Солидарность – это ключевое слово. В 1927?м британский экономист левых взглядов Джон Мейнард Кейнс посетил сумасшедший дом. «Как вы справляетесь с таким количеством больных, ведь у вас мало персонала?» – спросил он у главврача. «Очень просто, – ответил тот. – Лунатики не способны объединяться». Оппозиционные силы, воспитанные политикой идентичности, тоже не способны объединяться. В этом секрет провалов американских демократов. Но ситуация изменилась: в нашем дурдоме появился общий интерес – это желание всех нас выжить и спасти наших детей, перед лицом природной катастрофы.
Я надеюсь, что политика природы сменит политику идентичности. Сегодня у «левой» идеи есть шанс только в том случае, если она будет зеленого, а не красного цвета. Если она борется за освобождение не только народа, но и природы. Если она от народничества перешла к природничеству (звучит не очень хорошо, но мы привыкнем). Я уверен, что природные угрозы, в основном созданные самим человеком, будут нарастать и повторяться.
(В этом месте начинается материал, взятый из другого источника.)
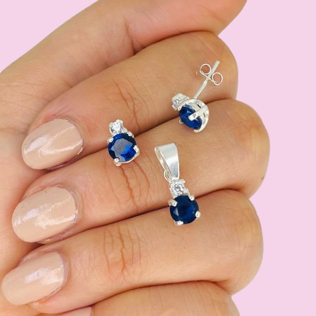 Aros y dije Cubic Brillante Blanco y Azul Plata 925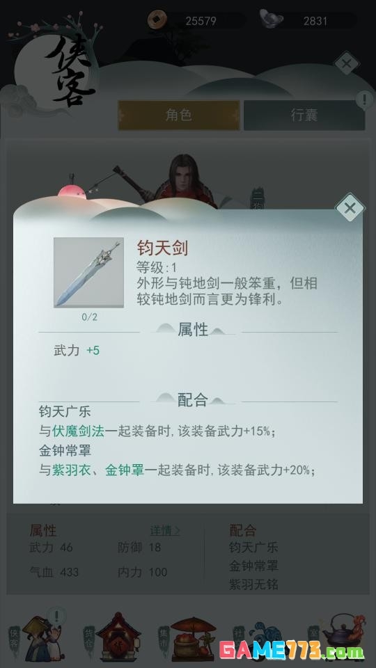6.钧天剑:搭配伏魔剑法、紫羽衣、金钟罩,触发武力5.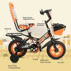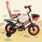 Featuring a non-geared design, this kids’ bicycle is built using modern technology to support a smooth and manageable riding experience for young learners. It includes a back seat for added comfort or support and a safe brake system to assist with steady stopping. A chain guard is included to help protect legs and clothing, while high-grade training wheels can offer stability during early riding stages. The high-quality adjustable seat and curved handlebar can be customised to fit the child’s height and reach. Additionally, the fender and plastic mudguard may protect against splashes and dirt. The magnesium alloy structure and EVA tyres offer a lightweight yet stable feel, while the pedals are designed for reliable grip and smooth movement.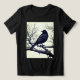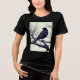 Tee in a black-and-white illustration featuring a sleek black crow perched on a gnarled, leafless branch. The bird's detailed feathers contrast sharply with the stark, skeletal tree limbs, creating a dramatic composition.
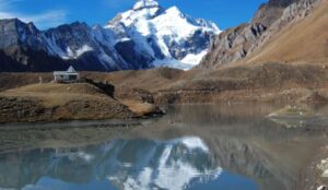 From here, travelers walk a short distance to reach Parvati Sarovar, a beautiful high-altitude lake located at the foot of the Adi Kailash mountain.
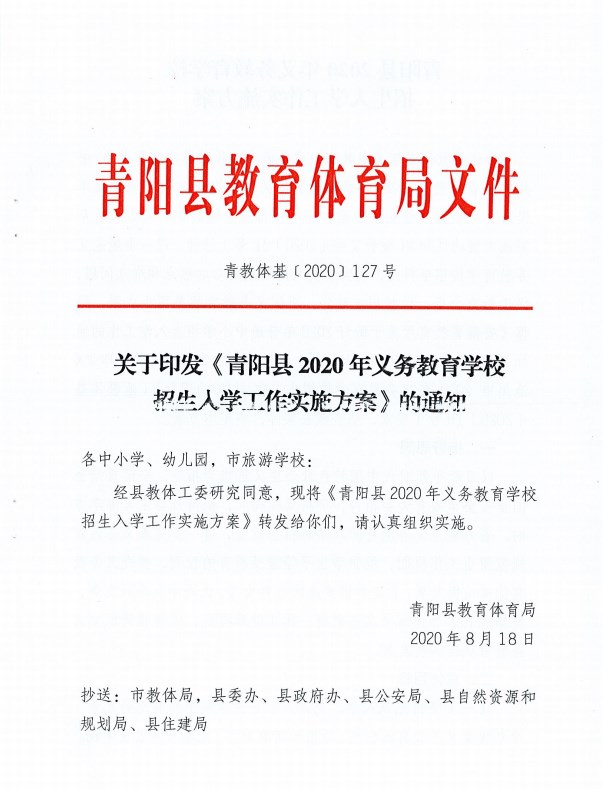 名稱: 關于印發《青陽縣2020年義務教育學校招生入學工作實施方案》的通知 文號: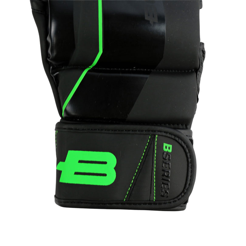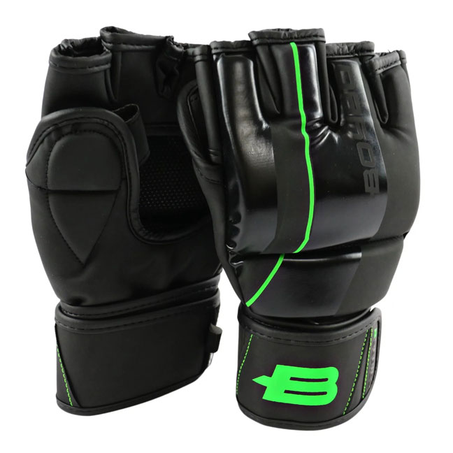 Перчатки BoyBo B-Series для смешанных единоборств. Модель отличается стильным дизайном и удобной открытой конструкцией. Перчатки выполнены из долговечной эко - кожи Flexy, обеспечивают высокую степень защиты кисти при ударах, открытые фаланги позволяют бороться, не стесняя движения, при этом имеется дополнительная защита большого пальца.

Коронавирус – одна из антропогенных катастроф, и наверняка не самая тяжкая. Осознание общих прав народа и природы приведет к международному движению, без него мы все просто сгинем. Не знаю, захочет ли это движение называть себя Интернационалом, признает ли оно свою преемственность от первых трех. Все же, как мы согласились, красная идея порядком скомпрометирована, а зелено-красного цвета в спектре нет – не дай бог он окажется коричневым. Но если ваш вопрос в том, какое прогрессивное движение имеет сегодня шанс стать международным и глобальным, то мой ответ – только зеленое и, наверно, леворадикальное. Экологическое государство вполне может быть социальным и демократическим. А если наши отношения с природой пойдут вразнос, оно станет тоталитарным. Только боюсь, что этот последний вариант уже никому не поможет.
Насколько в современной России, где социологи фиксируют большой процент популярности индивидуалистических воззрений, а левые идеи у большинства ассоциируются с зюгановцами и сталинистами, в принципе может случиться новый подъем левых в их современном западном варианте?
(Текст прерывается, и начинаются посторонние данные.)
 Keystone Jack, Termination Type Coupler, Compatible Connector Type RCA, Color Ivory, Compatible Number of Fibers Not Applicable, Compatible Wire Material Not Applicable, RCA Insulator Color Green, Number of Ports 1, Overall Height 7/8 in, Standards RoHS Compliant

Социологи, как вы верно сказали, фиксируют, а я, как историк, знаю, что общественное мнение текуче как вода и своенравно как огонь. Это особенно так в обществе риска, прошедшем одну катастрофу и ожидающем новых. Так что я думаю, все возможно.
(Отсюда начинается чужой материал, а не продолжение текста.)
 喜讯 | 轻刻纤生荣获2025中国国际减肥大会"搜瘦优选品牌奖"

Насколько вам близка позиция российских либертарианцев? Следите ли вы за этим движением?
Она мне далека и чужда. Ты можешь доверять государству или нет, уважать его или не уважать – свое, родное и постылое или Государство как идею и принцип. Но в эпоху Вируса и Климата нас может спасти – или, наоборот, погубить – одно только государство. Еще точнее, погубить оно может собственными усилиями, а спасти может только международная система государств. В таком союзе Государство только усилится. Для народа и природы это может быть хорошо или плохо, уж как пойдет. Без такого глобального левиафана всем будет очень плохо.
В последнее время западная киноиндустрия заметно больше работает с российским материалом. Здесь и нашумевший сериал «Чернобыль», и фильм «Курск», два сериала про Екатерину II. С чем вы связываете такой интерес? Это попытка понять путинскую Россию 2010?х годов с ее новым качеством внешней политики? Или это прежде всего обращение к одновременно экзотическому, но и очень узнаваемому материалу, на котором Запад может понять самого себя?
И то, и другое, и еще третье. Да, путинская Россия всем показала кузькину мать, и эта ее ужасная роль, экзотическое устройство и новая история сегодня свежи и интересны мировому зрителю. А третий эффект я бы назвал антиутопическим. Многим интеллектуалам XX века Россия казалась воплощенной утопией; потом часть из них тяжко разочаровалась, другая часть осталась при своем. Эта история – Советский Сoюз как бог, который предал, – хорошо известна, я не стану на этом останавливаться. Нынче мы имеем нечто иное: Россия стала дистопией, воплощенным собранием всего опасного, дурного и злого, что каждый знает за собой и за своим государством. Дистопия предупреждает о том, чего еще нет, но может статься, если все будет продолжаться как есть; и для западного человека Россия оказалась удобным образом страшного будущего. Утопии всегда соревновались с дистопиями: по мере того как первые осуществлялись в делах и телах, вторые выигрывали как тексты. Неспроста предметом смешной многосерийной дистопии оказалась Екатерина – западный человек в медвежьем углу, расстающийся со своей личной утопией. И неспроста русские связи Трампа или Джонсона стали предметом нескончаемых тревог и забот: так осуществляются дистопии.
Вернемся к памятникам. Вечный вопрос: насколько вообще рационально судить людей прошлого на основе современных норм? Вот Сталину памятники убирали, когда людей из лагерей освобождали, а зачем сносить Леопольда II (король Бельгии, во второй половине XIX века ради колониальной прибыли уничтожил 15 миллионов жителей Конго) в 2020 году?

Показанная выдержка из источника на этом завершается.